Dear Mom,
First, let me say sorry. Sorry for driving you crazy all those years that I insisted on being boy crazy. I am sorry I caused fights between us because I was in love with every boy I met. I hate those years, the ones when I didn’t think of you as a friend.
I hate looking back on those years. Those were the years I saw you as a crazy strict mom and not my best friend. I didn’t understand that life wasn’t all about boys. I was so obsessed with the idea of being in love and being loved by some silly boy that I forgot to form a friendship with you.
It took years for me to realize that you were only trying to protect me. It took me all those years to realize you were trying to protect me from getting hurt. You didn’t want some silly 8th-grade boy to break my heart so young. You also were just trying to protect me from embarrassing myself, which I did a lot. You had my best interest in mind the whole time.

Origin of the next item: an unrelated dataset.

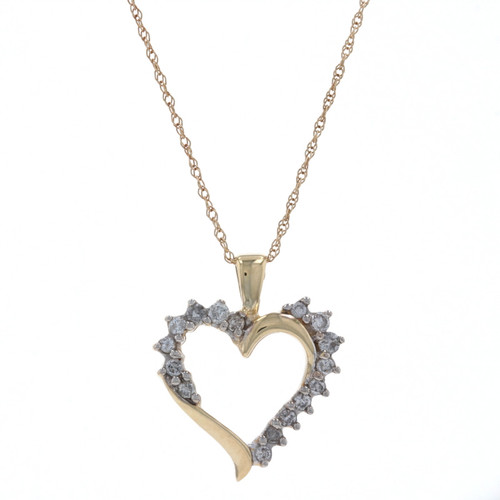 Yellow Gold Diamond Heart Pendant Necklace 18 1/4" - 10k Round Cut .20ctw Love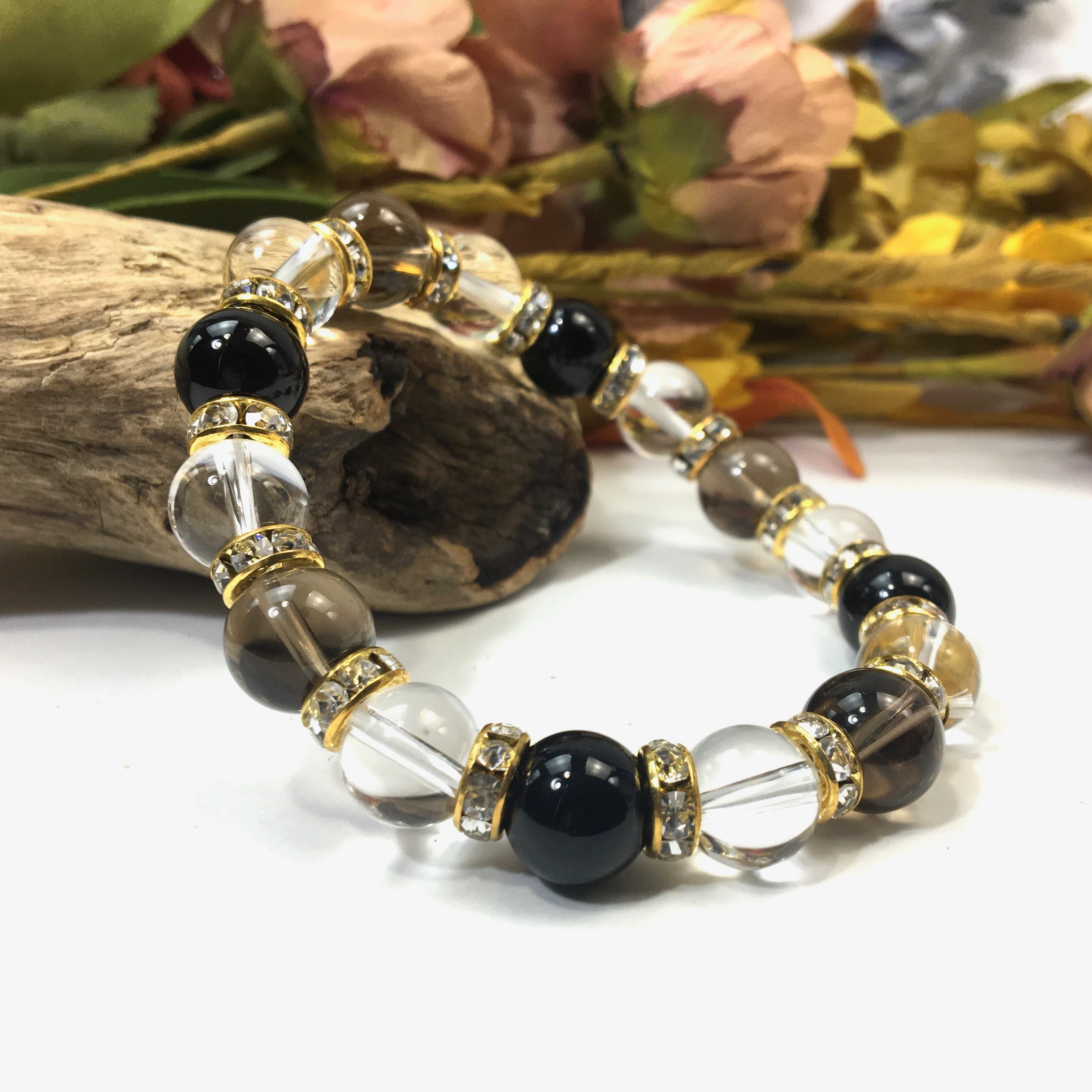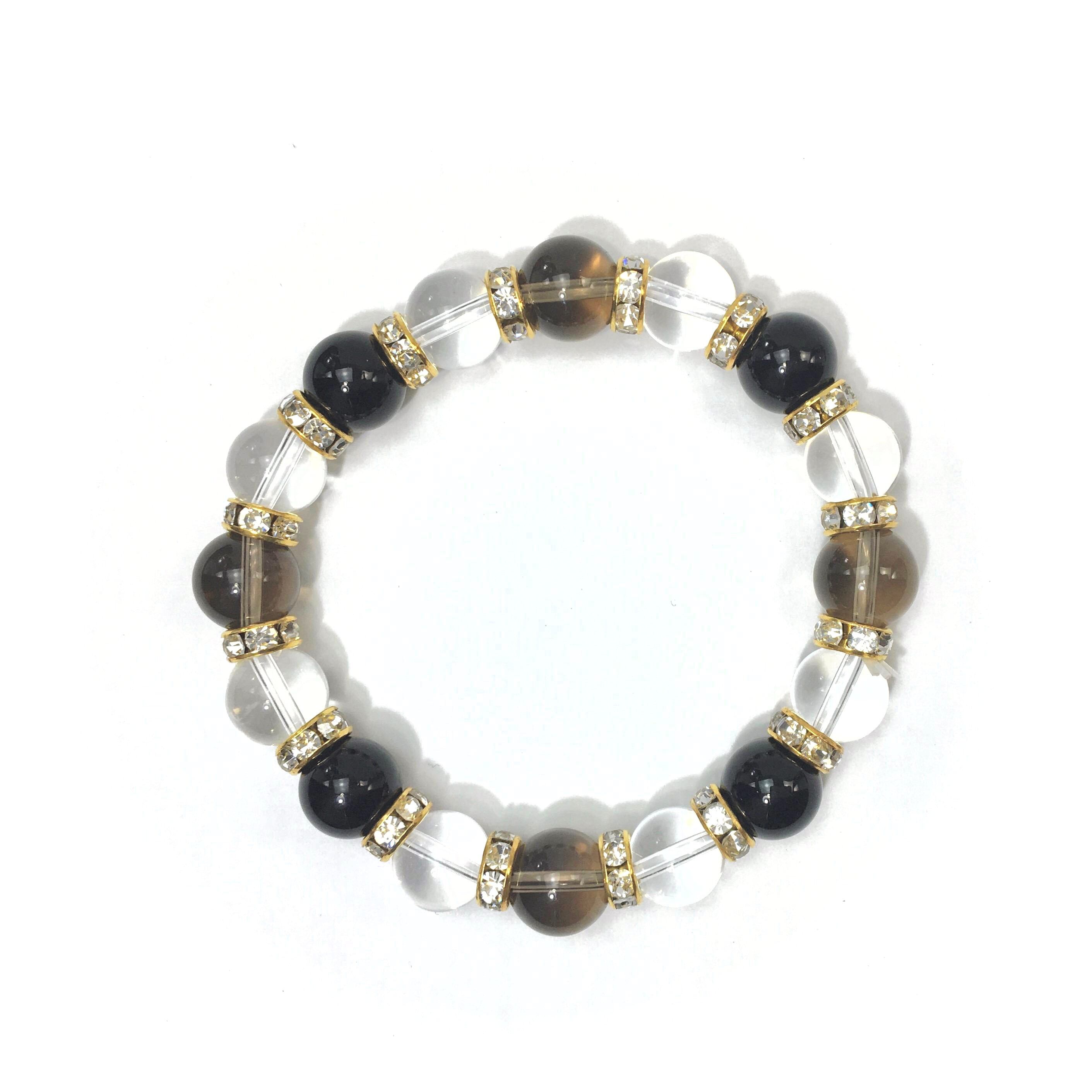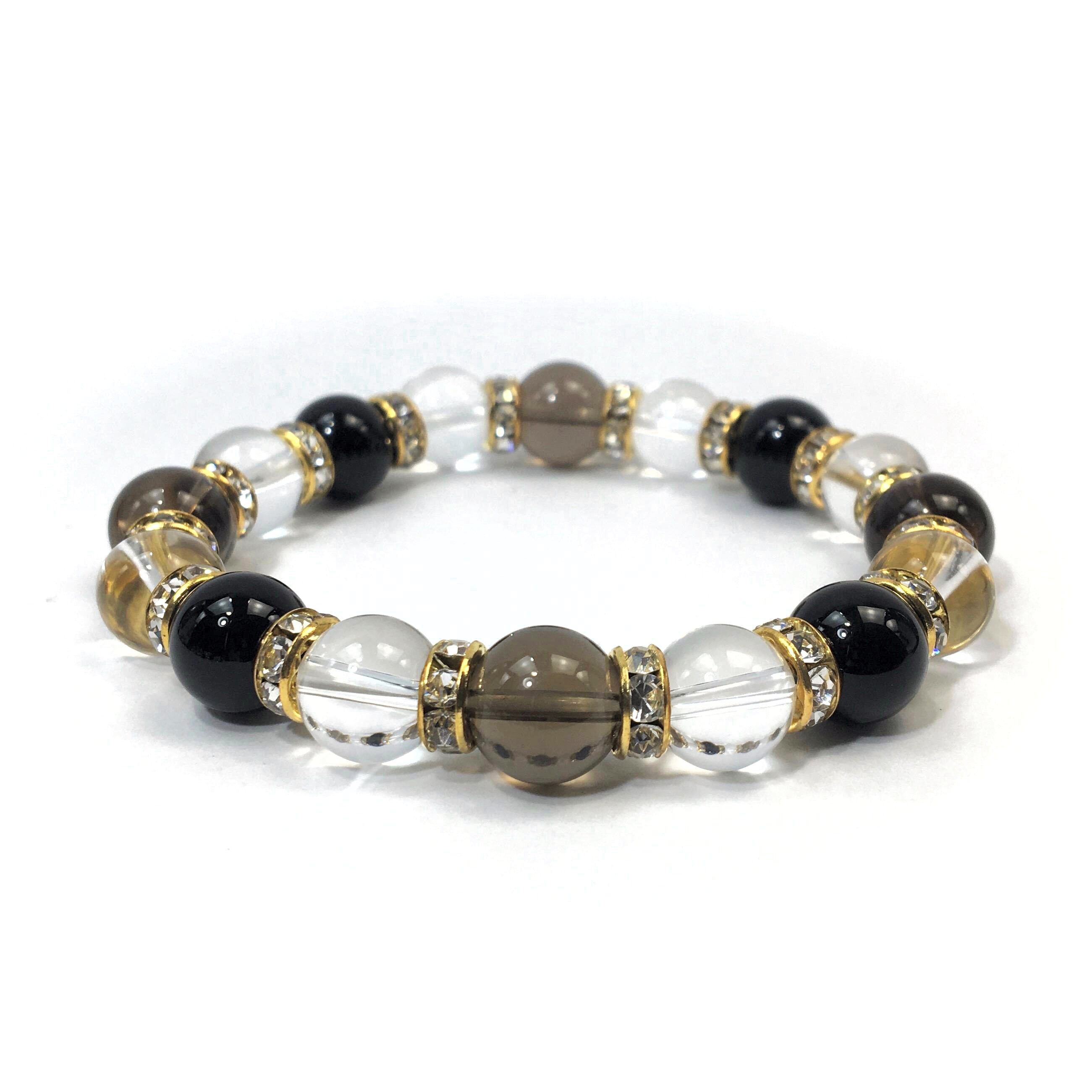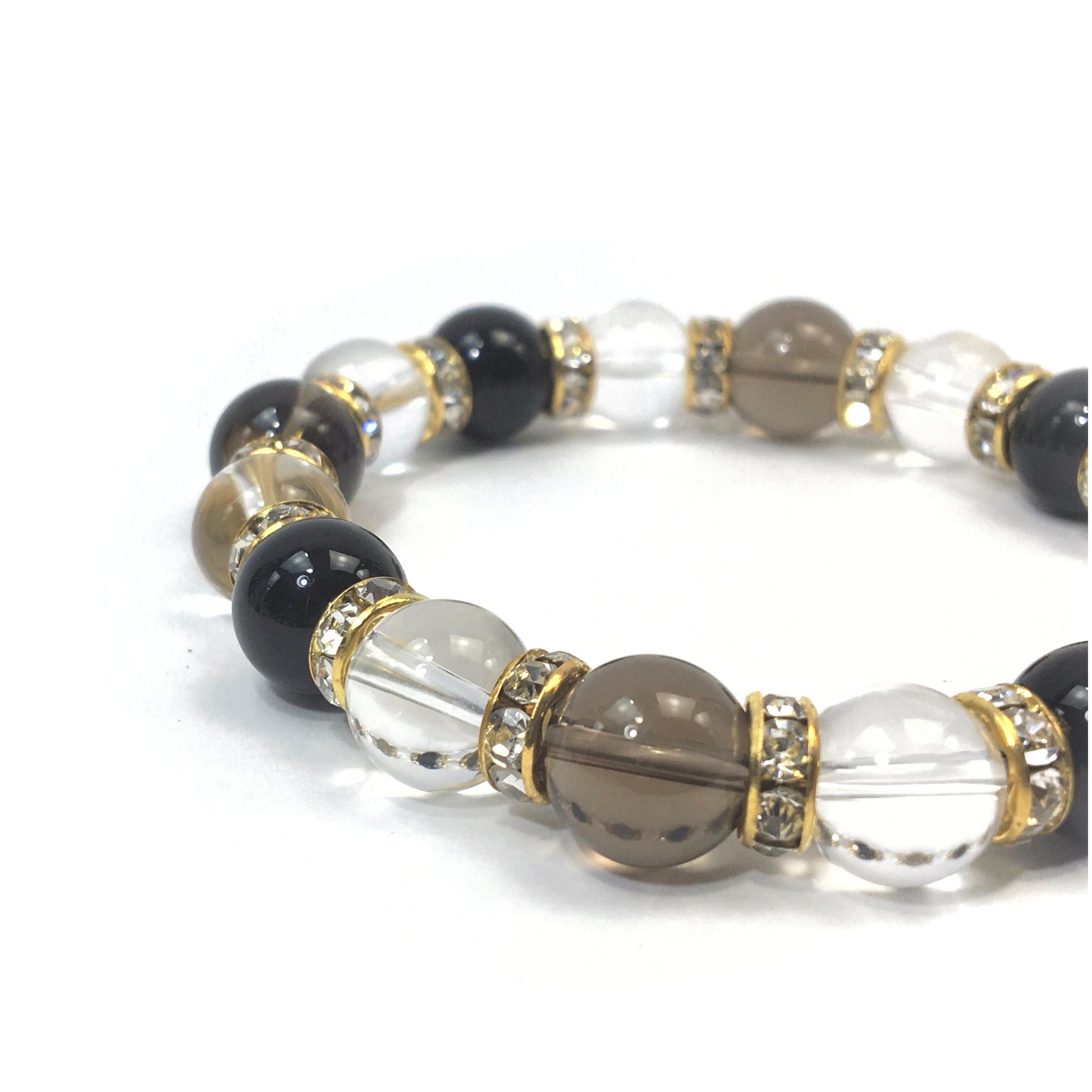 スモーキークォーツ×水晶×オニキス パワーストーン ブレスレット10mm(ゴールド)メンズ・レディース 男性・女性 数珠ブレス 開運 ☆

I hated you for not letting me go to the roller skating rink on Friday nights. I hated that you didn’t let me go to those middle school dances. And I hated it even more when you did let me go to the skating rink, but you sat and watched me the whole time. I didn’t understand that you were only trying to keep me from making bad choices. I just thought you were over reacting and being crazy, but now that I am on my own at college, I realize you were trying to teach me a lesson. You were trying to teach me to be independent and strong. You were trying to teach me that I don’t need some silly boy to take care of me. You were also trying to teach me to be mysterious and to let the boys come to me.
You were just trying to take care of me. So let me finish by saying thank you. Thank you for protecting me and teaching me. Thank you for showing me that I don’t need some silly boy to make me happy. Lastly, thank you for being my best friend and loving me even when I drove you crazy.